Hacker News new | comments | show | ask | jobs | submit login
Ask HN: How would you store a number with a 10^6 digits and all numbers
7 points by sycren 1648 days ago | hide | past | web | 7 comments | favorite
Very large numbers have a few applications, the largest prime numbers in the world have millions of digits [1]. On stackoverflow, one solution for storing a million phone numbers is to use a trie. [2][3] Another way would be to use alphabets as a method of encoding the numbers. For example if all the unicode characters were used in a string we could have 110,000^(String length) [4] Here Pi is displayed to a million digits [5]. As a unicode .txt this is 2MB. If I was to store every combination of number from 0 to this number it could prove to be impossible. How would you suggest storing such large numbers?

  [1] http://primes.utm.edu/largest.html
  [2] http://stackoverflow.com/questions/5262465/storing-1-million-phone-numbers
  [3] http://en.wikipedia.org/wiki/Trie
  [4] http://en.wikipedia.org/wiki/Unicode
  [5] http://www.piday.org/million.php

Presumably it rather depends on what you're storing such large numbers for. If you want to store a single number n (for the sake of argument, let's say a positive integer) for later reference, and have no knowledge in advance of any special properties of the number, you can't do better than ceil(log_2(n)) bits of information, whatever scheme you use for storing it.

On the other hand, if you know your number has particular properties (for example, say you knew it was an even number between 10,000 and 1,000,000 digits long) you would be able to use that information to store it more efficiently. See http://en.wikipedia.org/wiki/Information_theory for the mathematical background for treating this sort of problem.

However, many space-efficient ways of storing data are not time-efficient when it comes to retrieving it or performing operations on it. I can refer to huge numbers using very dense mathematical notation - for example, I could mention A(100,100) (see Petrushka's comment on the Ackermann function) - which would allow me to refer to an astronomically huge number in ten characters - but this is useless for most practical purposes as it would take an inordinate amount of time to calculate. Similarly, I could 'store' the quadrillionth prime in memory by simply writing "the quadrillionth prime" - but this is probably not what you wanted.

The data structure you use will depend enormously on what you want to use it for. For phone numbers, it is helpful to be able to auto-complete numbers a use is typing, which would be difficult to achieve if you simply concatenated them with separators and compressed the data. For storing words in a dictionary, you might use a trie, but that becomes a poor choice of structure if what you actually want is to be able to easily identify words that rhyme with each other.

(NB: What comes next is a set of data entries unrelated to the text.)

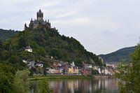 Aan de Moezel met zicht op Cochem. Kleurrijke huizen spiegelen in het water. Op de berg het kasteel.
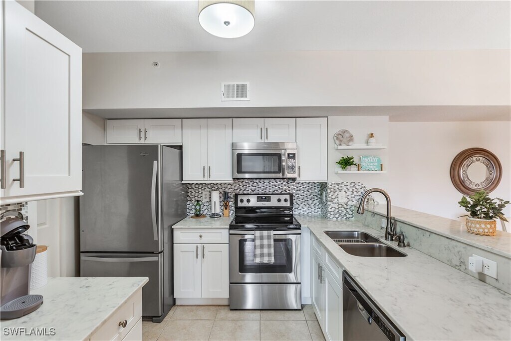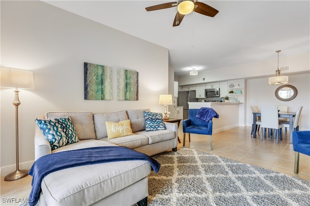 Here is your opportunity to vacation in the luxury condominium homes at Napoli. This is a must-see community! Residents will enjoy tons of amenities in this low-density gated community. This 2 bedroom,2 bath condo is an amazing value. Enjoy carpet-living with ceramic tile flooring throughout the home. The condo has a light,bright,and neutral color palette,and is appointed with nice fixtures,and has stainless steel kitchen appliances. Condo is turnkey furnished and has everything you need for your home away from home. Bedrooms are generously sized,and the master features a walk-in closet. The condo also has a screened-in lanai,just off the living room and master bedroom. Napoli features many desirable amenities. There is a beautiful clubhouse overlooking the lake and fountain. A resort-style pool with a cabana and gathering area. Inside the clubhouse,there is a library,a billiards room,a lounge,and a fitness center. Outside,there is a bocce court and a tennis/pickleball court. Napoli is just a short drive from shopping,dining,I-75,downtown Naples,and gorgeous white sand beaches.
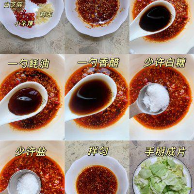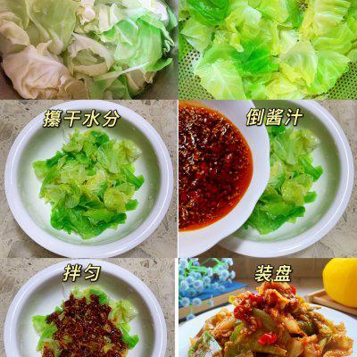2、锅里烧开水,在水里加入一勺盐和少许食用油,水开下包菜叶,焯水30秒,捞出冷水。 白菜将水分握干,放入碗中,倒入料汁拌匀即可。
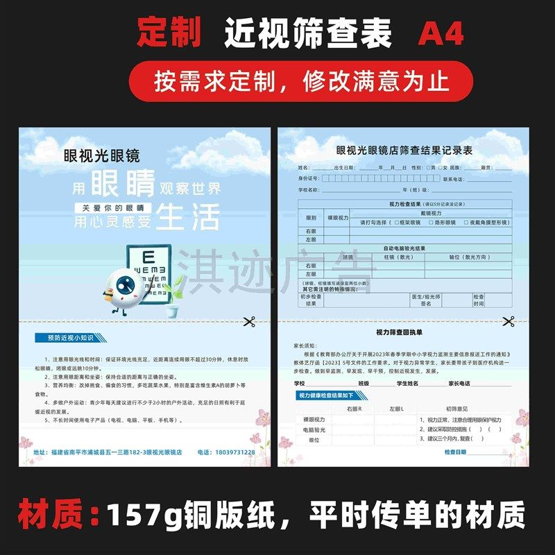 视力调研表学生筛查调查单视觉中心健康检查屈光发育档案服务中心
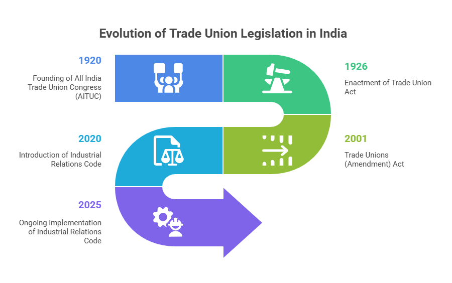 • As of 2025, the full implementation of the Industrial Relations Code is ongoing, with states framing rules, but the Trade Union Act, 1926, remains partially in force for aspects not covered by the new code.
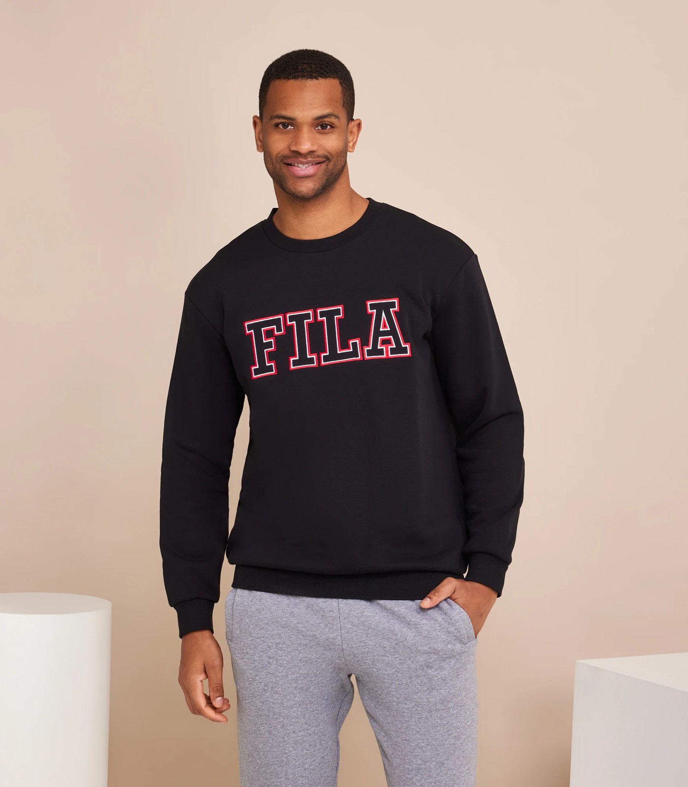 Take it back to basics and update your off-duty essentials with this men's Harry Crew from Fila. In a black colourway, this oversized fit crew is made from a Cotton/Poly brushed fleece for maximum comfort. Featuring a large Fila applique embroidery to centre front chest and a rib to neck, cuff and hem.
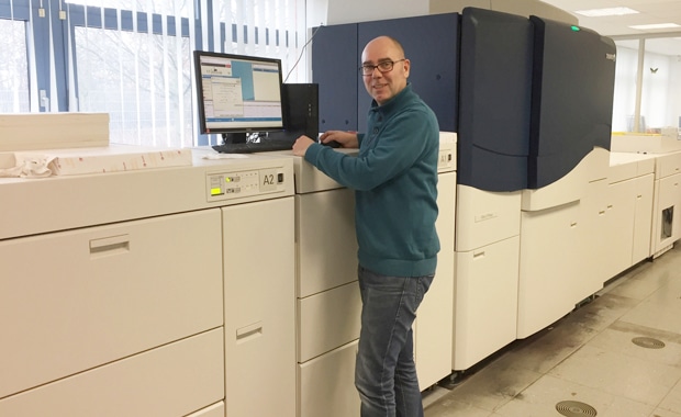 Michael Köhler, Abteilungsleiter Druckvorstufe und Digitaldruck bei Sattler Direct Mail an der neuen Xerox iGen5.
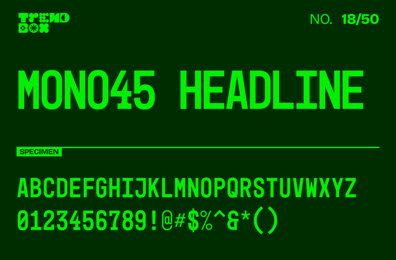 Drawing inspiration from vintage typewriters but reimagined with contemporary flair, Mono45 Headline stands out with its geometric shapes and balanced spacing. Its design ensures clarity and boldness, perfect for grabbing attention while retaining a clean, professional aesthetic. Whether you’re creating minimalist visuals or statement typography, this font delivers a unique combination of nostalgia and innovation.
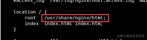 root /usr/share/nginx/html; //站点目录,即首页文件的默认存放目录
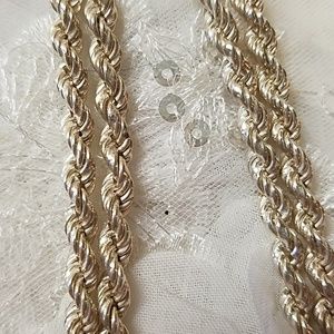 Incredible thick sterling silver rope neck chain stamped 925 Italy and is almost 28 inches long. You could wear it all alone without a pendant. This necklace would look great with any outfit, it could be your signature piece, or you could definitely wear it every day!
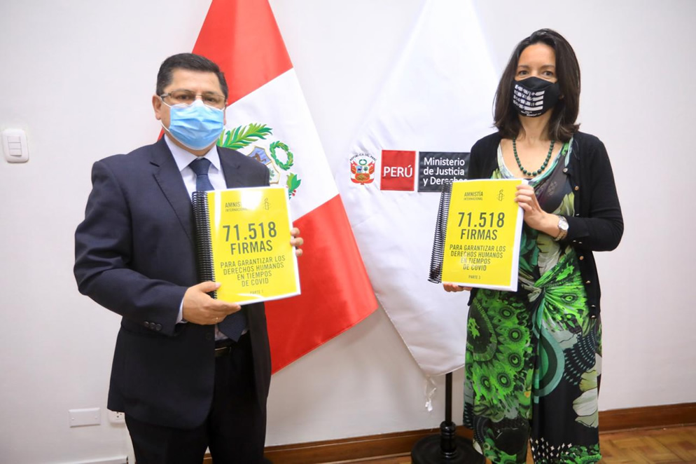 (Lima, 10 de diciembre de 2020). En el marco del Día Internacional de los Derechos Humanos, que se conmemora hoy, Amnistía Internacional Perú se reunió con representantes del Ministerio de Justicia y Derechos Humanos (MINJUSDH), y entregó al titular de esta cartera, Eduardo Vega, 77 106 firmas de ciudadanos y ciudadanas a favor de los derechos humanos.
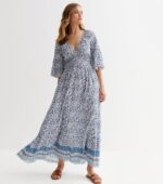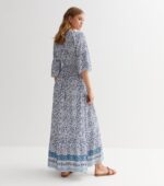 Inspired by Greek summers, this flowing floral maxi dress in soft viscose features a flattering elasticated under-bust and timeless blue-white hues, perfect for warm-weather elegance.
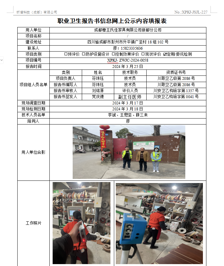 成都橡王氏佳家具有限公司新都分公司职业病危害因素定期检测
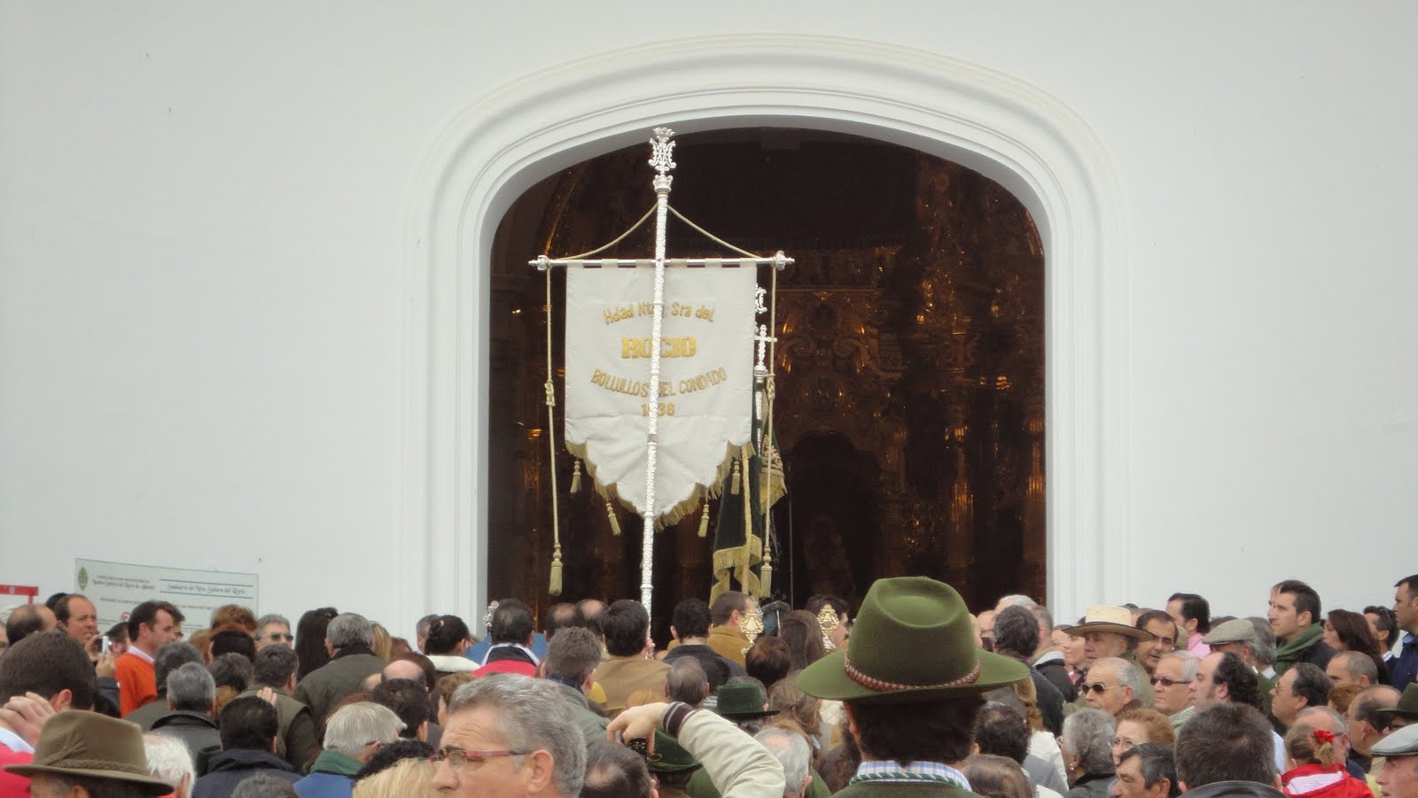 Hasta los años sesenta la humilde Hermandad solía pernoctar en casa arrendada por la Hermandad; siempre lo hacía en la calle donde alquilase casa el Hermano Mayor de aquel año. De ese modo, la carreta y el Simpecado quedaban expuestos en la puerta de la choza donde se congregaban todos los Hermanos;la vuelta a Bollullos la hacía el mismo lunes de Pentecostés, una vez pasada la Virgen por la esquina de la Hermandad de Hinojos ( calle Sanlúcar), hoy la Hermandad recibe a la Blanca Paloma en la esquina de la Hermandad de La Palma del Condado, al final de la calle Villamanrique. La Hermandad nuestra pues, tiene desde sus comienzos, unos barrios muy particulares: El Real Grande al fondo, calle del Sacrificio, calle Sanlúcar y el Acebuchal. Con sus 66 años de existencia la Hermandad de este pueblo del Condado nunca falto a su estación de Gloria en la Marisma, siendo guardado a su vuelta el Simpecado en la Parroquia de Santiago, en un magnifico y nuevo Altar, puesto que lo que no había en la Parroquia retablo ninguno, y solo existía un cuadro con dosel dorado de 2,50 m de alto por 1.05 de ancho, según inventario de 1.923, fue regalo de D. Carlos Pérez Álvarez. La Carreta se guardo durante muchos años en la Bodega Cooperativa actual que fue de los Pérez de Ayala, donde la arreglaban Antonio González («Antoñito el de la Escrúgula»), Manuel Salas Cruz («El Farruco»), Carmen Carrellán y Gloria Verdier que eran las camaristas; después paso unos años al chalet-bodega de D. José Celestino, pasando últimamente al final de la calle Padre Domínguez García, hasta que pasó a la actual Capilla regalo del solar por los Hermanos Ramos Vázquez, en calle Teniente Merchante nº 90.

In summary, it is important to identify what sort of numbers you are storing, what operations you intend to be able to support on your dataset, and how you intend to access the elements. In principle, for arbitrary positive integers, you can't do better than the bound I provided - and if you want more than to just store the data without using it, you may end up using rather more than that.

Say I was trying to find the next mersenne prime what would you suggest?

Knuth's up-arrow notation and the Ackermann function are both designed to make very large numbers easy to notate, but unfortunately I don't know how difficult it would be to write a program to find an expression for any number in one or the other (I'm sure there are plenty of others on HN who can). Might still be worth looking into however.



In principle, not every number can be directly expressed as the result of a nontrivial Ackermann function or Knuth operator (just as not every number is a square or a cube) - although there is a section in the Knuth page you linked on how to represent any nonnegative integer as a series of Knuth-type operations.

I would imagine, though, that to represent an arbitrary integer between 0 and n still needs ceil(log_2(n+1)) bits - since you have to distinguish between n+1 choices, whichever notation you use.

I can't remember where I read the story, but it goes:

There was alien who recorded all the knowledge of Earth. Each fact was encoded as a numerical string and all the strings were concatenated. The concatenated string was converted back to a number. The number was treated as length. The alien took a stick, cut it that length, placed it in his pocket and left.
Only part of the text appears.